=== Requirement ===
Copy nothing from the entries below except the lines from the one containing "2、從鏡片內(nèi)部對(duì)光線" through the one containing "高いクオリティを割安で借りら", and copy those exactly.

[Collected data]
=== Section Start ===
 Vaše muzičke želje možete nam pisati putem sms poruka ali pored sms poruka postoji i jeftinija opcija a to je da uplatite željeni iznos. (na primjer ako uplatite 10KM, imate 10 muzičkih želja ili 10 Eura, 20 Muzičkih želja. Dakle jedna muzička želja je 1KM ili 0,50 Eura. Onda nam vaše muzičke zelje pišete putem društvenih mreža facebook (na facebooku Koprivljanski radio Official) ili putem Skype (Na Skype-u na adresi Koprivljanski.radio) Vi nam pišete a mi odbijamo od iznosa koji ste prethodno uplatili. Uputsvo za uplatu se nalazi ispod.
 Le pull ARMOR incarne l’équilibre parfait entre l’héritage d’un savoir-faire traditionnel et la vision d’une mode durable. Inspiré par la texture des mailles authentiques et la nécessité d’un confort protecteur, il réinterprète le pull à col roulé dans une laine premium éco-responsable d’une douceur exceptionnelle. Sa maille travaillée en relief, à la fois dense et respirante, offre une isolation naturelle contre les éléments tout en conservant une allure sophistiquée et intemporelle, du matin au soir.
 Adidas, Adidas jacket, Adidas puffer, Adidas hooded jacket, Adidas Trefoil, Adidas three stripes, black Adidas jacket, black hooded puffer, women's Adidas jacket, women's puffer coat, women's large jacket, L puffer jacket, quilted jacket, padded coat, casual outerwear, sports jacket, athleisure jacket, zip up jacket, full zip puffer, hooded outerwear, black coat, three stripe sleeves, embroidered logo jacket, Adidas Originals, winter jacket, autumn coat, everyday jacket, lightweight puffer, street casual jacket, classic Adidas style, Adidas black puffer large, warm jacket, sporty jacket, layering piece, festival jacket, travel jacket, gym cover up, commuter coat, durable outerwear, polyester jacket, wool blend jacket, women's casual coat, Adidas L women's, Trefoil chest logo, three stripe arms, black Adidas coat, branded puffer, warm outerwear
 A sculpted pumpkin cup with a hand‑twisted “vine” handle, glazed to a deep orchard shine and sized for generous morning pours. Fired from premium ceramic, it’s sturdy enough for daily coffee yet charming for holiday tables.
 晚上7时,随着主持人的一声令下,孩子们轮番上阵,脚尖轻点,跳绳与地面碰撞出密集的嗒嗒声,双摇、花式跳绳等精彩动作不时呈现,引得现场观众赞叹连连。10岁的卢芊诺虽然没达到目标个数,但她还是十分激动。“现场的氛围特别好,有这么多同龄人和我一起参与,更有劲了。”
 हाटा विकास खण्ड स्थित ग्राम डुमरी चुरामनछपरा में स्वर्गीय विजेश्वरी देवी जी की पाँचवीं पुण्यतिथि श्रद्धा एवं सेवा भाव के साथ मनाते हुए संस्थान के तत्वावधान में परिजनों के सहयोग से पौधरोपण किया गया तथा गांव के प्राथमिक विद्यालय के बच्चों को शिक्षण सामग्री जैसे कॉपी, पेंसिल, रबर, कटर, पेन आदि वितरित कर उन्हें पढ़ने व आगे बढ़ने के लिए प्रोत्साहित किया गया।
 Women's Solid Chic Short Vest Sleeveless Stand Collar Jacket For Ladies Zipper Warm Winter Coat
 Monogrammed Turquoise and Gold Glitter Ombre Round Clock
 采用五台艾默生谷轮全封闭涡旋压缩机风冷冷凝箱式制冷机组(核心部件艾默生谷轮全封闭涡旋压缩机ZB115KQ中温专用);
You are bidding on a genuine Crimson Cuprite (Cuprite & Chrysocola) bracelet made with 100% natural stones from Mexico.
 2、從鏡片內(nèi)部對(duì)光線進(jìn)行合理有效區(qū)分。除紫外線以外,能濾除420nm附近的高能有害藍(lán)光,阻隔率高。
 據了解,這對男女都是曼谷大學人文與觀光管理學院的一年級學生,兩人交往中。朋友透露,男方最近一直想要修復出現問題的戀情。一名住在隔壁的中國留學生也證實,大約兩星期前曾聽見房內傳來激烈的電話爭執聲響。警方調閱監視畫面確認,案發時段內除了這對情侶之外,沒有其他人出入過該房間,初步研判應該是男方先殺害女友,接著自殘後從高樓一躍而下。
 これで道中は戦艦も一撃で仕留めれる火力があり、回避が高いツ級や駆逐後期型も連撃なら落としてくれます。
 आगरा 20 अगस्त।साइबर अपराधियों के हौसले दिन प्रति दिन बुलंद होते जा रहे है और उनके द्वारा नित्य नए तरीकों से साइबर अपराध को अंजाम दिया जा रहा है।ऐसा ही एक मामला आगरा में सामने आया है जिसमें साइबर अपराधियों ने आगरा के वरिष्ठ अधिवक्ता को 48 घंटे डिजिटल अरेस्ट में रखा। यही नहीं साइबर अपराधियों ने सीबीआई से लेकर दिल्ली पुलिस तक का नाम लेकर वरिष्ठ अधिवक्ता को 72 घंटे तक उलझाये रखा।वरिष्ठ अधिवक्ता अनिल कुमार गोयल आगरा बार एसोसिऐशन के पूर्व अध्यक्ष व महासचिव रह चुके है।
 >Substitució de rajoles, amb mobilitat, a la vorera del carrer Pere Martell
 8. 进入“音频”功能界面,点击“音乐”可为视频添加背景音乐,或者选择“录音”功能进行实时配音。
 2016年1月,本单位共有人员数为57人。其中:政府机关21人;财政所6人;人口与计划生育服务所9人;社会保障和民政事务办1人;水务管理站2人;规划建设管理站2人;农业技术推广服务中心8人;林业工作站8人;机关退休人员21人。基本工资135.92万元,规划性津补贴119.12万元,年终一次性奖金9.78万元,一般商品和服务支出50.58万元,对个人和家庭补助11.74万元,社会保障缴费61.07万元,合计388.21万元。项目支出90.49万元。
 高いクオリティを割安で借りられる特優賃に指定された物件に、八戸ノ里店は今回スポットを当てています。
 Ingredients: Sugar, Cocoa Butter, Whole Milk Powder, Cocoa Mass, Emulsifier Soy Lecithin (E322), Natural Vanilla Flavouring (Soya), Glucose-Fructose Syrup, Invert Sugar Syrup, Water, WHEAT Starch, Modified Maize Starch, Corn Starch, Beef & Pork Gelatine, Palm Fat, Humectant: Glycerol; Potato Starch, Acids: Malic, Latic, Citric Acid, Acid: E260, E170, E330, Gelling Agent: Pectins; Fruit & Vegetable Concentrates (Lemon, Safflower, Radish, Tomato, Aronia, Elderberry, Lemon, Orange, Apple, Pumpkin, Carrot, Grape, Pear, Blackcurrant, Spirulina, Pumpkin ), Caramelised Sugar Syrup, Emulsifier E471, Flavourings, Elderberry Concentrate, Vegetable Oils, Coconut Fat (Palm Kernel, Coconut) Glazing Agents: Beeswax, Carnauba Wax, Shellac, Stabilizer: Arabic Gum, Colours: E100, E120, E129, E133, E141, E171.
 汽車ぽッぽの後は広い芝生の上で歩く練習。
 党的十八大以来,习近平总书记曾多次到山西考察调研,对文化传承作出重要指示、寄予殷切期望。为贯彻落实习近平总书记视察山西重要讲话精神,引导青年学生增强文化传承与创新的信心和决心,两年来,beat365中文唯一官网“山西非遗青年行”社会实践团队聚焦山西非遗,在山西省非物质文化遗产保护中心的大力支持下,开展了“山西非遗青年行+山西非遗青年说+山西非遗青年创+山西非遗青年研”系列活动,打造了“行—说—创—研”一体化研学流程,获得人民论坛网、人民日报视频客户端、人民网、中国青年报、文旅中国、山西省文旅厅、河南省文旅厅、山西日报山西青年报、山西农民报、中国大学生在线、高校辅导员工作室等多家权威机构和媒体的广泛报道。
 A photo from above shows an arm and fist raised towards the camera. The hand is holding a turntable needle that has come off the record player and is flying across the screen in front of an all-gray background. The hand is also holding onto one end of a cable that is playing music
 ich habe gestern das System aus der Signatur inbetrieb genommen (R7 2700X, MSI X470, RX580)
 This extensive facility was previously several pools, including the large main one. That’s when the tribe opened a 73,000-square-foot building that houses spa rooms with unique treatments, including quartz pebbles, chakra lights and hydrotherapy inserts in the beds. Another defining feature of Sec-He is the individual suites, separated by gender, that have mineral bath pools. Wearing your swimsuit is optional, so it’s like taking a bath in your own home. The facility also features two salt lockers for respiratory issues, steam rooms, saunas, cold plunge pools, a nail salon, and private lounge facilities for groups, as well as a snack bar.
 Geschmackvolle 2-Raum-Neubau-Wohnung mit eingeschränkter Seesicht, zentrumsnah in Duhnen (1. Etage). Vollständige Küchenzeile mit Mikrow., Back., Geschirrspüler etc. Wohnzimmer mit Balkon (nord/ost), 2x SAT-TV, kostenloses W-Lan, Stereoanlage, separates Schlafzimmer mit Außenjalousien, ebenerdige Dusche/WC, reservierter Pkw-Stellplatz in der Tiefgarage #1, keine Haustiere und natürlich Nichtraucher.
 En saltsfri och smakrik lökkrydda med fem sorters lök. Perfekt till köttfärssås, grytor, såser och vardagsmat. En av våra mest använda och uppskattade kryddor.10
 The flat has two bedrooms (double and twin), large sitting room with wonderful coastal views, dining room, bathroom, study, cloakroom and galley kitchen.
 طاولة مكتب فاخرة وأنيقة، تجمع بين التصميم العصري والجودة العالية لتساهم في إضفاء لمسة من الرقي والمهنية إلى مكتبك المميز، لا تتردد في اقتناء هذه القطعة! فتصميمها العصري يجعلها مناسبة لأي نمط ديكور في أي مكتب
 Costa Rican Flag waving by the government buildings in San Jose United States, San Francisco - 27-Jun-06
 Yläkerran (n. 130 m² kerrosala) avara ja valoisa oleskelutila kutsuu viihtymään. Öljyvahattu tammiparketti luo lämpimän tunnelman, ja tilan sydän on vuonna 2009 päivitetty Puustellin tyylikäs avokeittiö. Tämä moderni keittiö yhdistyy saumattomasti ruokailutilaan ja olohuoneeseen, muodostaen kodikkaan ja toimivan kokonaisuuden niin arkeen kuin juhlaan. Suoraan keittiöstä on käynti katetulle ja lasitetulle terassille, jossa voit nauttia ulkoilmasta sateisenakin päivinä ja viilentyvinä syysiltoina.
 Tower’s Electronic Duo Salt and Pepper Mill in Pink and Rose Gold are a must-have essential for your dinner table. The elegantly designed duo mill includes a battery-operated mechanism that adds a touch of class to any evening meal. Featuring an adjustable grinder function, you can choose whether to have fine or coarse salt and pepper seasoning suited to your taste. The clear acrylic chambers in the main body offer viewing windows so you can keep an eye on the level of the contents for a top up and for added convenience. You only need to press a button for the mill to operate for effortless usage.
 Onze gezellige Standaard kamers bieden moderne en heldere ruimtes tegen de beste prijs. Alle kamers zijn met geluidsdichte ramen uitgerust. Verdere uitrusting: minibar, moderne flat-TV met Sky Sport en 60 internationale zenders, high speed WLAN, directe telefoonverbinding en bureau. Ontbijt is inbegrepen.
=== Section End ===
=== Problem solution ===
 2、從鏡片內(nèi)部對(duì)光線進(jìn)行合理有效區(qū)分。除紫外線以外,能濾除420nm附近的高能有害藍(lán)光,阻隔率高。
 據了解,這對男女都是曼谷大學人文與觀光管理學院的一年級學生,兩人交往中。朋友透露,男方最近一直想要修復出現問題的戀情。一名住在隔壁的中國留學生也證實,大約兩星期前曾聽見房內傳來激烈的電話爭執聲響。警方調閱監視畫面確認,案發時段內除了這對情侶之外,沒有其他人出入過該房間,初步研判應該是男方先殺害女友,接著自殘後從高樓一躍而下。
 これで道中は戦艦も一撃で仕留めれる火力があり、回避が高いツ級や駆逐後期型も連撃なら落としてくれます。
 आगरा 20 अगस्त।साइबर अपराधियों के हौसले दिन प्रति दिन बुलंद होते जा रहे है और उनके द्वारा नित्य नए तरीकों से साइबर अपराध को अंजाम दिया जा रहा है।ऐसा ही एक मामला आगरा में सामने आया है जिसमें साइबर अपराधियों ने आगरा के वरिष्ठ अधिवक्ता को 48 घंटे डिजिटल अरेस्ट में रखा। यही नहीं साइबर अपराधियों ने सीबीआई से लेकर दिल्ली पुलिस तक का नाम लेकर वरिष्ठ अधिवक्ता को 72 घंटे तक उलझाये रखा।वरिष्ठ अधिवक्ता अनिल कुमार गोयल आगरा बार एसोसिऐशन के पूर्व अध्यक्ष व महासचिव रह चुके है।
 >Substitució de rajoles, amb mobilitat, a la vorera del carrer Pere Martell
 8. 进入“音频”功能界面,点击“音乐”可为视频添加背景音乐,或者选择“录音”功能进行实时配音。
 2016年1月,本单位共有人员数为57人。其中:政府机关21人;财政所6人;人口与计划生育服务所9人;社会保障和民政事务办1人;水务管理站2人;规划建设管理站2人;农业技术推广服务中心8人;林业工作站8人;机关退休人员21人。基本工资135.92万元,规划性津补贴119.12万元,年终一次性奖金9.78万元,一般商品和服务支出50.58万元,对个人和家庭补助11.74万元,社会保障缴费61.07万元,合计388.21万元。项目支出90.49万元。
 高いクオリティを割安で借りられる特優賃に指定された物件に、八戸ノ里店は今回スポットを当てています。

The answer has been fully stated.